Pada kultur lingkungan kerja yang bercirikan uncertainty avoidance yang lemah derajat hubungan kecerdasan emosional karyawan dengan
kualitas pelayanan karyawan diduga akan lebih tinggi dibandingkan pada PLAGIAT MERUPAKAN TINDAKAN TIDAK TERPUJI
uncertainty avoidance yang kuat. Pada kultur lingkungan kerja yang
bercirikan uncertainty avoidance yang lemah terdapat orientasi dalam bekerja, adanya motivasi terhadap hasil dan penghargaan dan ketelitian
merupakan hal yang perlu dipelajari.

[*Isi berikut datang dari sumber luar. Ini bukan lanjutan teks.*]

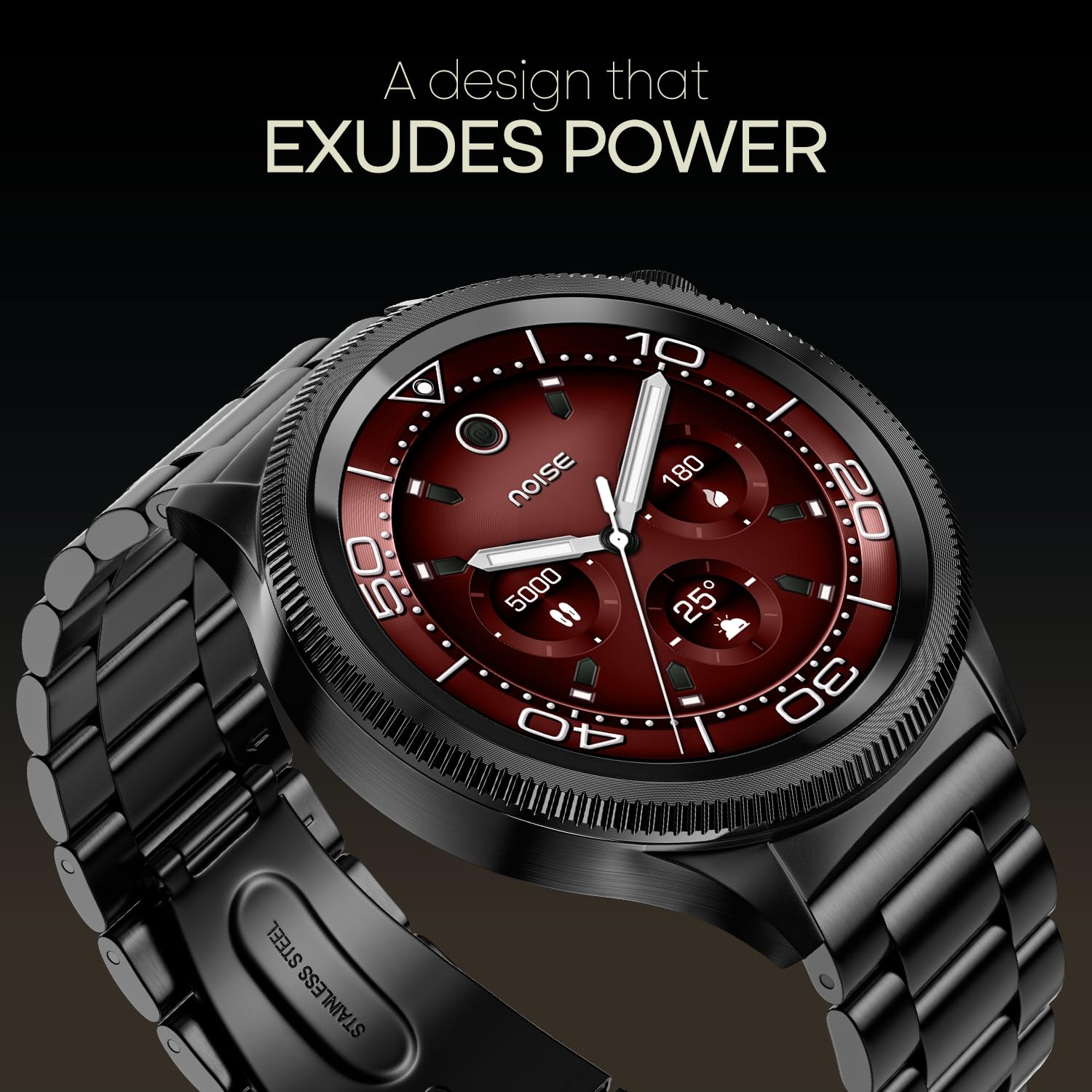 Noise Newly Launched Halo 2 Smartwatch 1.43" AMOLED, 1st Rotating Dial (Axe-cut Bezel Design), Stainless Steel Build, Menu Transition Animations Effects, BT Calling, Health Suite (Elite Black)

Pada kultur demikian semangat kerja karyawan meningkat dan ketika bekerja karyawan merasa tidak ada waktu
untuk menganggur sebab semua waktunya didedikasikan untuk bekerja, dan adanya semangat belajar untuk mencapai hasil yang sempurna. Pada kultur
lingkungan kerja bercirikan uncertainty avoidance yang kuat akan berdampak adanya penyerangan yang sering terjadi diantara karyawan tidak
membuang-buang waktu dan terburu-buru dalam bekerja, dan tidak ada kemauan untuk belajar karena merasa sudah ahli di bidangnya.

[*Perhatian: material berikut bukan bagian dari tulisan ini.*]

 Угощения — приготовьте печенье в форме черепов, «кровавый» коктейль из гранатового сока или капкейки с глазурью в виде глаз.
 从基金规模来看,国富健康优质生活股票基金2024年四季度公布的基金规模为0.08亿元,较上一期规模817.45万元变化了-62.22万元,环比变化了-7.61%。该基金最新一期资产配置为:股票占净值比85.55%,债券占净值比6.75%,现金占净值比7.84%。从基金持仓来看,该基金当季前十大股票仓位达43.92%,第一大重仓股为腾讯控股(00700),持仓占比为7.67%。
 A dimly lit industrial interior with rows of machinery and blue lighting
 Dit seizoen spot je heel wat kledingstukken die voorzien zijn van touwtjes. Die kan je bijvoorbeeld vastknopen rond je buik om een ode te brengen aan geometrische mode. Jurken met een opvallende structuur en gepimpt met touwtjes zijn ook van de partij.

2. Pengaruh locus of control pada hubungan antara kecerdasan emosional dengan kualitas pelayanan karyawan.
Derajat hubungan kecerdasan emosional karyawan dengan kualitas pelayanan karyawan diduga kuat berbeda pada locus of control yang
berbeda. Pada locus of control internal derajat hubungan kecerdasan emosional karyawan dengan kualitas pelayanan karyawan lebih tinggi
dibandingkan karyawan yang mempunyai keyakinan locus of control eksternal. Locus of control ialah keyakinan seseorang tentang faktor-faktor
yang mengatur kejadian-kejadian dalam hidupnya, yang dapat dikontrol locus of control internal dan yang di luar kontrol dirinya locus of control
eksternal, serta sejauh mana orang tersebut merasakan adanya hubungan antara usaha-usaha yang telah dilakukan dengan akibat-akibatnya. Seorang
karyawan yang mempunyai kecenderungan locus of control internal tidak mudah terpengaruh, aktif, mempunyai rasa percaya diri, dan mempunyai
motif berprestasi yang tinggi sehingga kualitas pelayanan yang diberikan juga baik. Pada locus of control demikian muncul semangat karyawan dan
rasa percaya diri untuk bekerja sehingga berdampak pada kemudahan dan kecepatan karyawan dalam bekerja. Pada locus of control eksternal,
karyawan berkeyakinan bahwa kegagalan dan keberhasilan dipengaruhi oleh faktor di luar dirinya, sehingga berdampak pada sikap mudah menyerah,
kecemasan tinggi, merasa tidak berdaya, rasa percaya diri yang rendah, dan penyesuaian diri yang kurang baik.